START INFORMATION SUPPLIED

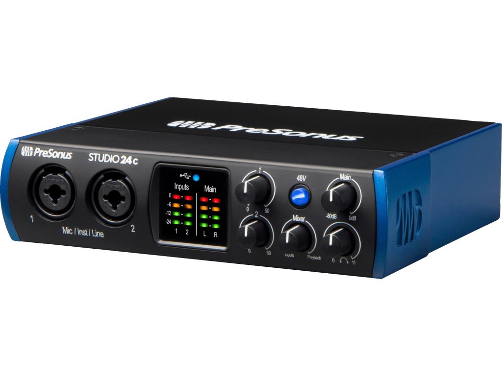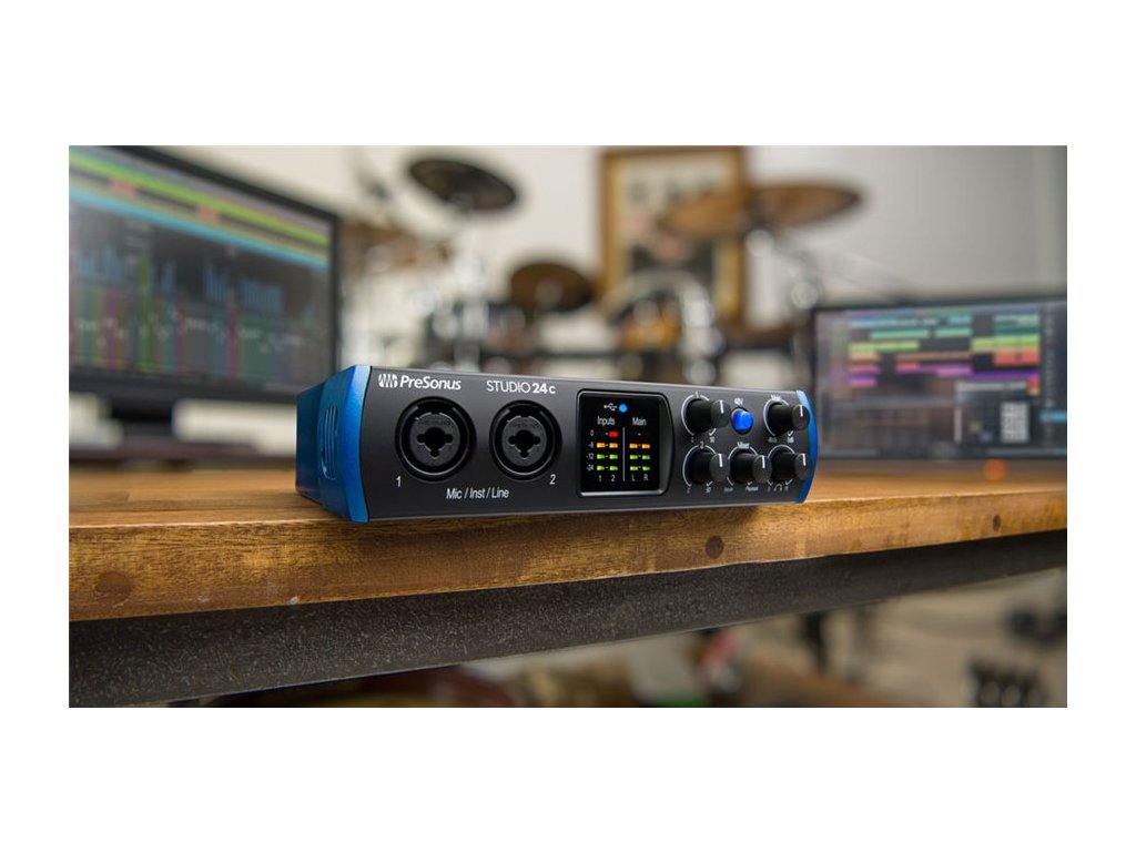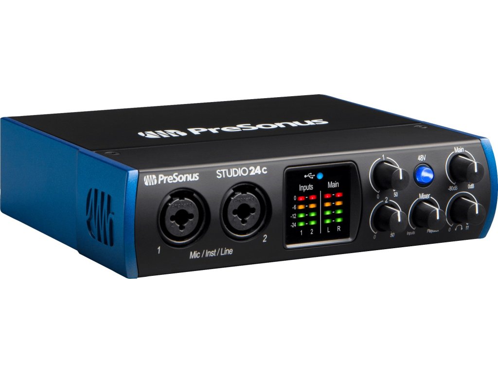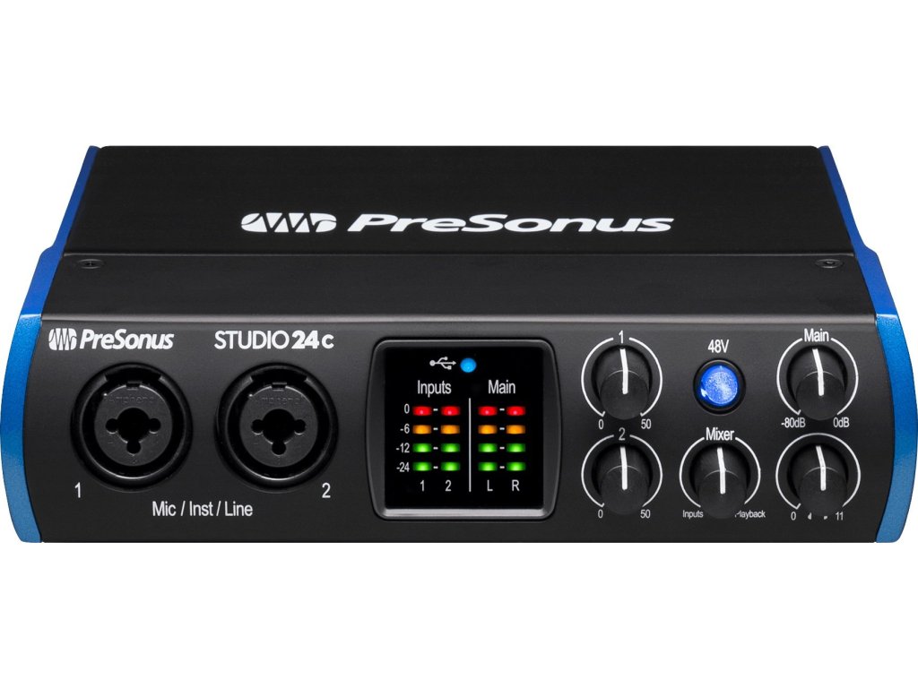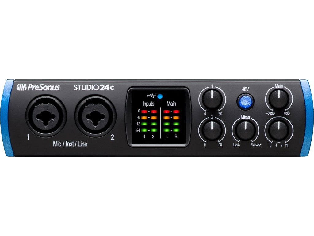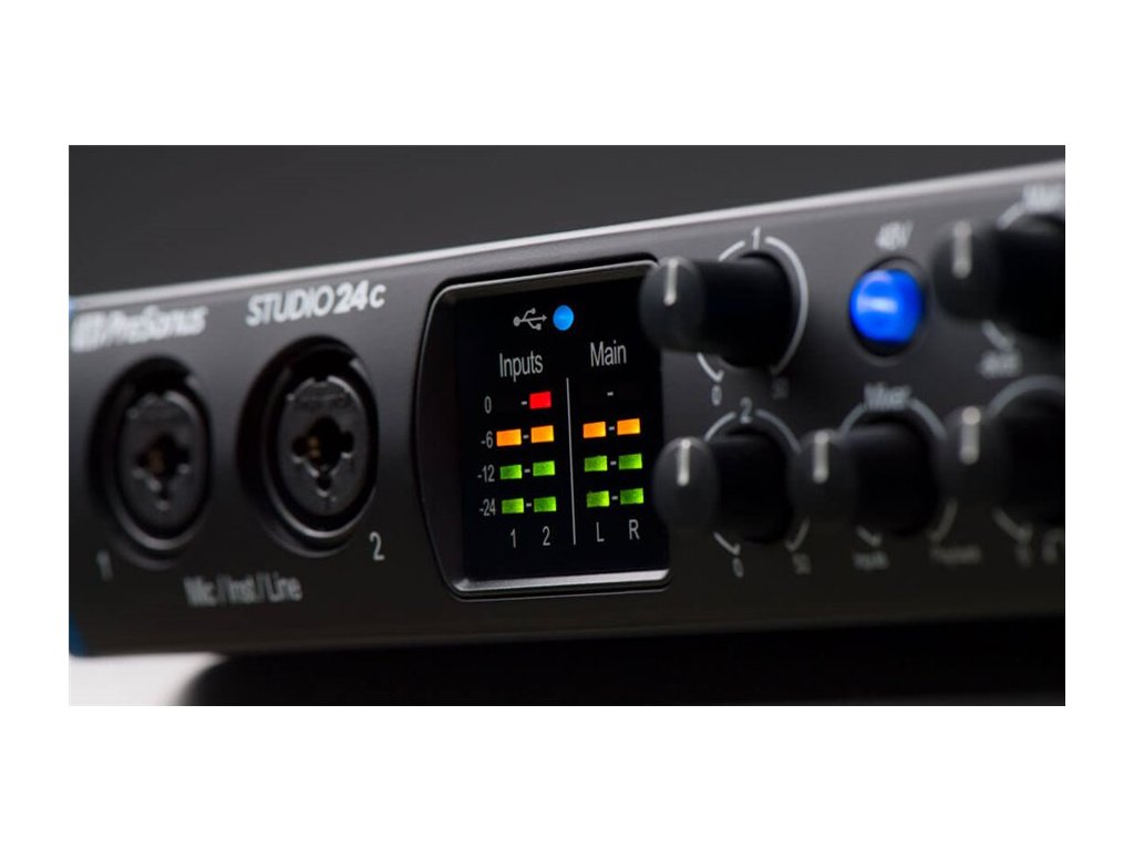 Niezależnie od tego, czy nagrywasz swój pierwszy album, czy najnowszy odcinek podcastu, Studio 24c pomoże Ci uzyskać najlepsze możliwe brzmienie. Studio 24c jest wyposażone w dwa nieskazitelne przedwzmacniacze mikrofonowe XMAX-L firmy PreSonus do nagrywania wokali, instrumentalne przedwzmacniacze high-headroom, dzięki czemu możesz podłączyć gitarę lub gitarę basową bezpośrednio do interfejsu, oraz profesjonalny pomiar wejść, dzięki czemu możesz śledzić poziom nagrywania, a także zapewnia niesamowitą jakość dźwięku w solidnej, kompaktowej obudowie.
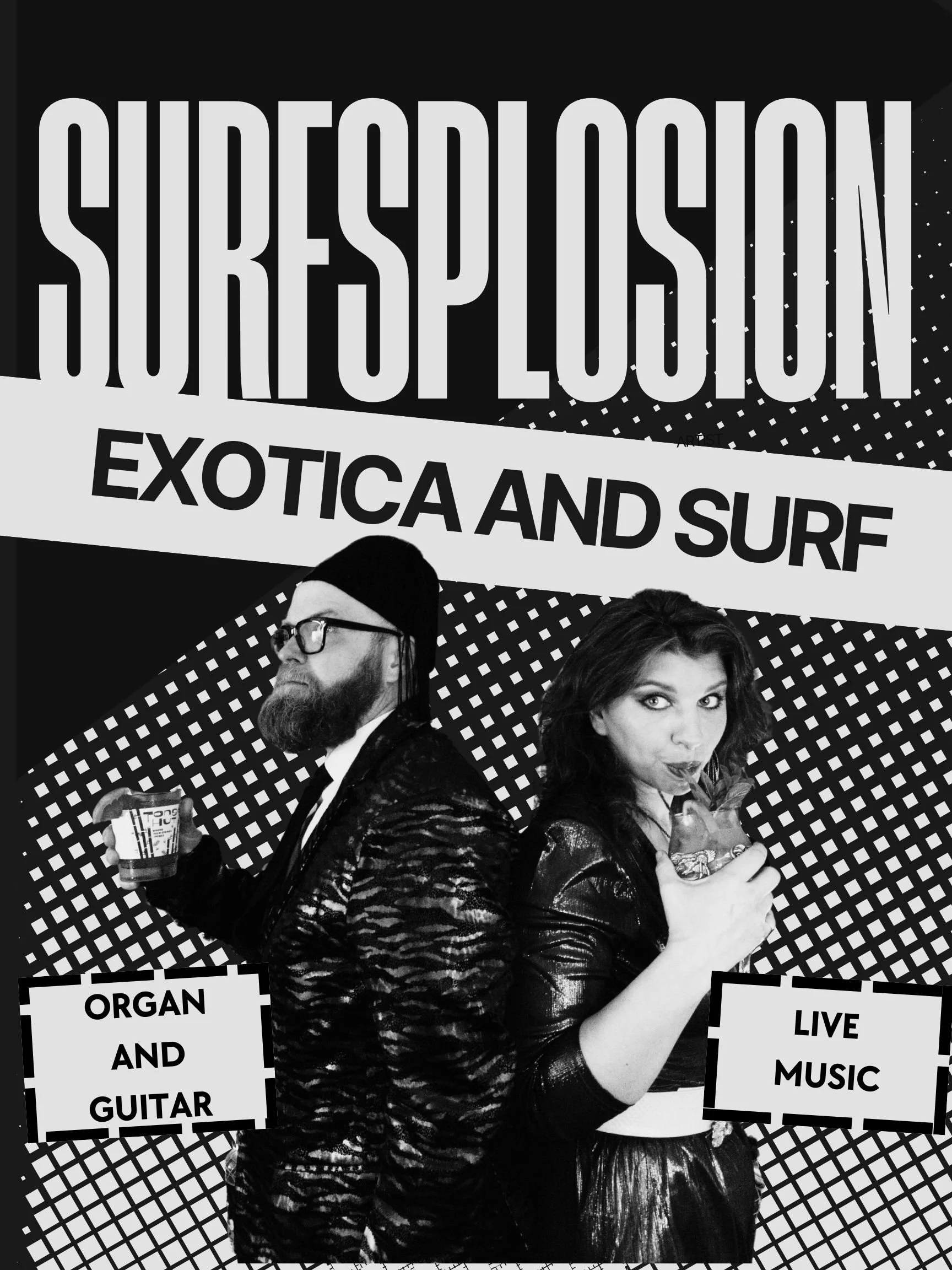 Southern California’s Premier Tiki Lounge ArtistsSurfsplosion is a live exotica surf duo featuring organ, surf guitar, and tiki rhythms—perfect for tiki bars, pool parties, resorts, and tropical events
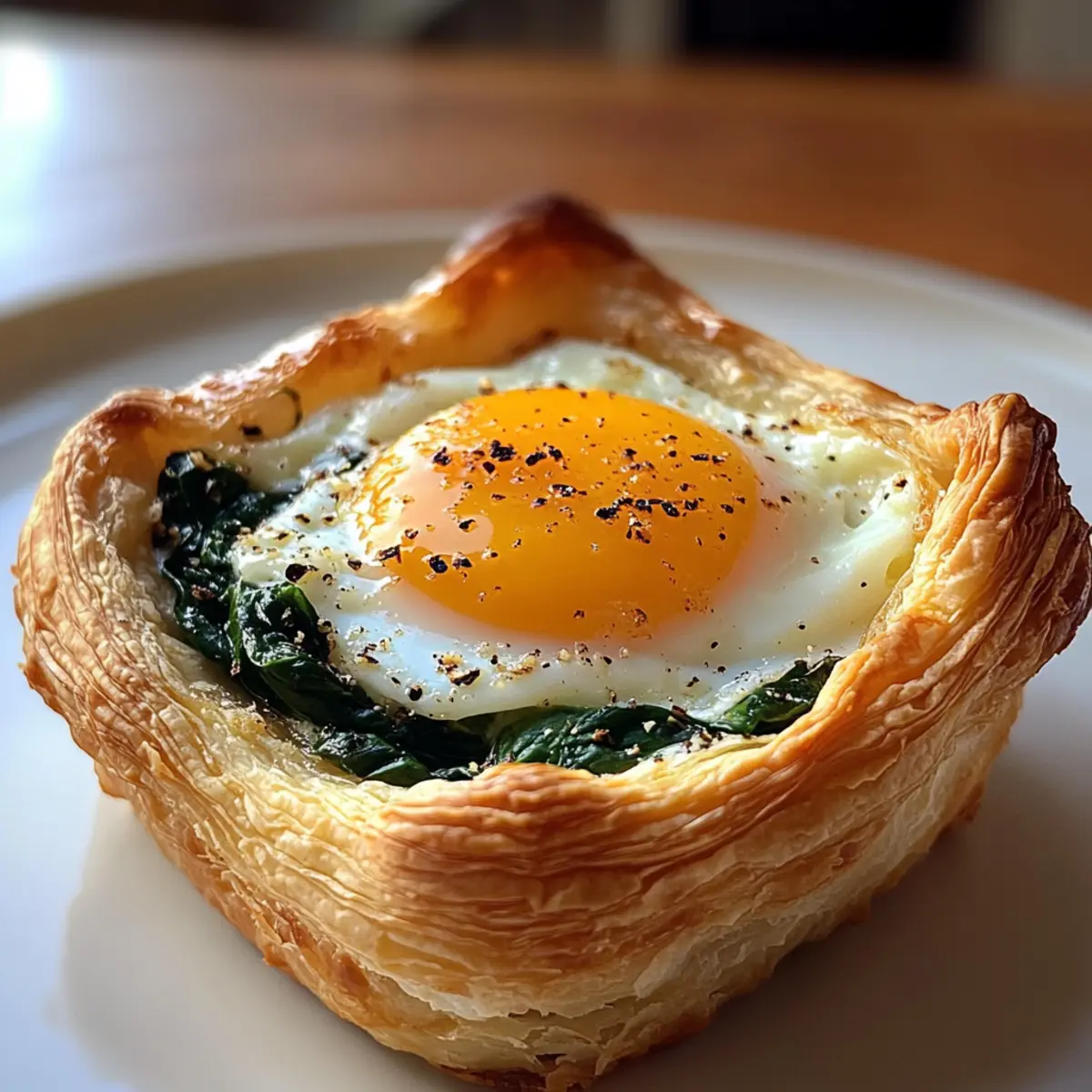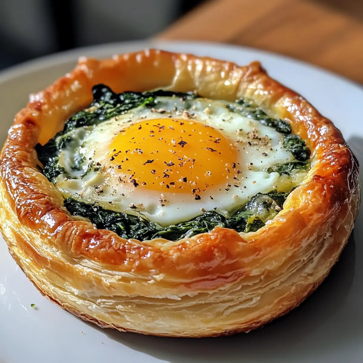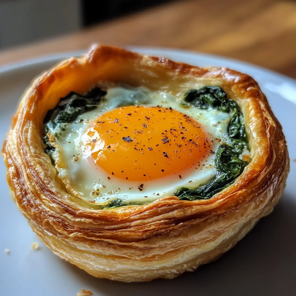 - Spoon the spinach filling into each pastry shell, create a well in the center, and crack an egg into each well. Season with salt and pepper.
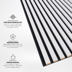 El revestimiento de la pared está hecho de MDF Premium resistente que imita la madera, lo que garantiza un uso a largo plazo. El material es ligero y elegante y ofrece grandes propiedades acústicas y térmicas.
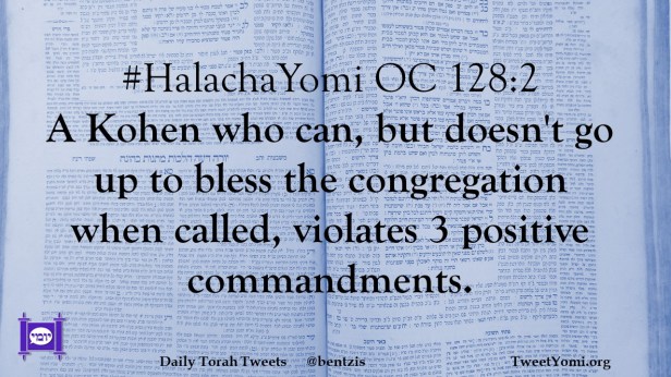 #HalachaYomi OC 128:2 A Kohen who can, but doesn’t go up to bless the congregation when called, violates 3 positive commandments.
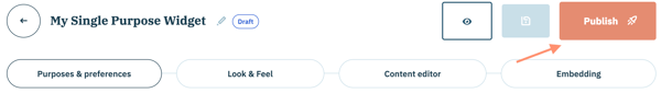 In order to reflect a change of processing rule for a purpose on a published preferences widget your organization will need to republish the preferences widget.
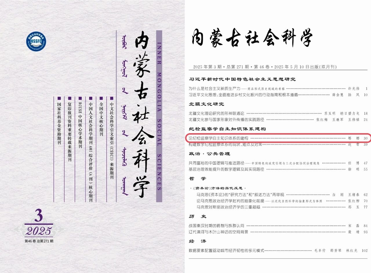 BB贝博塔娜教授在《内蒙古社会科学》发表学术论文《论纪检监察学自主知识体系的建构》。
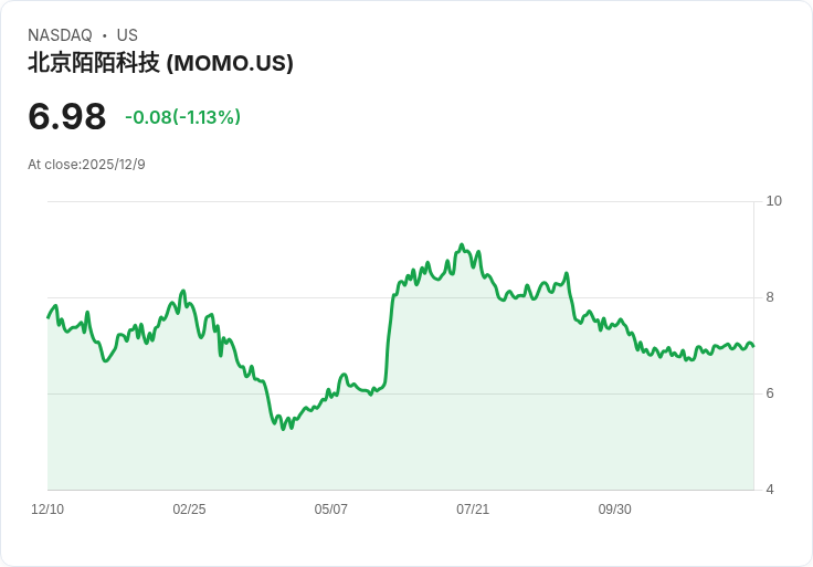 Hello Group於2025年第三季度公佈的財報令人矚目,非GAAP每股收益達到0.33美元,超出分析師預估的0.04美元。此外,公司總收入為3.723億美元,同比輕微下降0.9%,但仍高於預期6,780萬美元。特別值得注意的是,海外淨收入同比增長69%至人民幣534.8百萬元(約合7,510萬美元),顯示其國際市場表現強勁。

END INFORMATION SUPPLIED

▸ **WHAT NEEDS TO BE DONE**:
Exactly repeat the data above; the pictures do not belong in your copy.

▸ **RESULT OF THE EXERCISE**:
 Niezależnie od tego, czy nagrywasz swój pierwszy album, czy najnowszy odcinek podcastu, Studio 24c pomoże Ci uzyskać najlepsze możliwe brzmienie. Studio 24c jest wyposażone w dwa nieskazitelne przedwzmacniacze mikrofonowe XMAX-L firmy PreSonus do nagrywania wokali, instrumentalne przedwzmacniacze high-headroom, dzięki czemu możesz podłączyć gitarę lub gitarę basową bezpośrednio do interfejsu, oraz profesjonalny pomiar wejść, dzięki czemu możesz śledzić poziom nagrywania, a także zapewnia niesamowitą jakość dźwięku w solidnej, kompaktowej obudowie.
 Southern California’s Premier Tiki Lounge ArtistsSurfsplosion is a live exotica surf duo featuring organ, surf guitar, and tiki rhythms—perfect for tiki bars, pool parties, resorts, and tropical events
 - Spoon the spinach filling into each pastry shell, create a well in the center, and crack an egg into each well. Season with salt and pepper.
 El revestimiento de la pared está hecho de MDF Premium resistente que imita la madera, lo que garantiza un uso a largo plazo. El material es ligero y elegante y ofrece grandes propiedades acústicas y térmicas.
 #HalachaYomi OC 128:2 A Kohen who can, but doesn’t go up to bless the congregation when called, violates 3 positive commandments.
 In order to reflect a change of processing rule for a purpose on a published preferences widget your organization will need to republish the preferences widget.
 BB贝博塔娜教授在《内蒙古社会科学》发表学术论文《论纪检监察学自主知识体系的建构》。
 Hello Group於2025年第三季度公佈的財報令人矚目,非GAAP每股收益達到0.33美元,超出分析師預估的0.04美元。此外,公司總收入為3.723億美元,同比輕微下降0.9%,但仍高於預期6,780萬美元。特別值得注意的是,海外淨收入同比增長69%至人民幣534.8百萬元(約合7,510萬美元),顯示其國際市場表現強勁。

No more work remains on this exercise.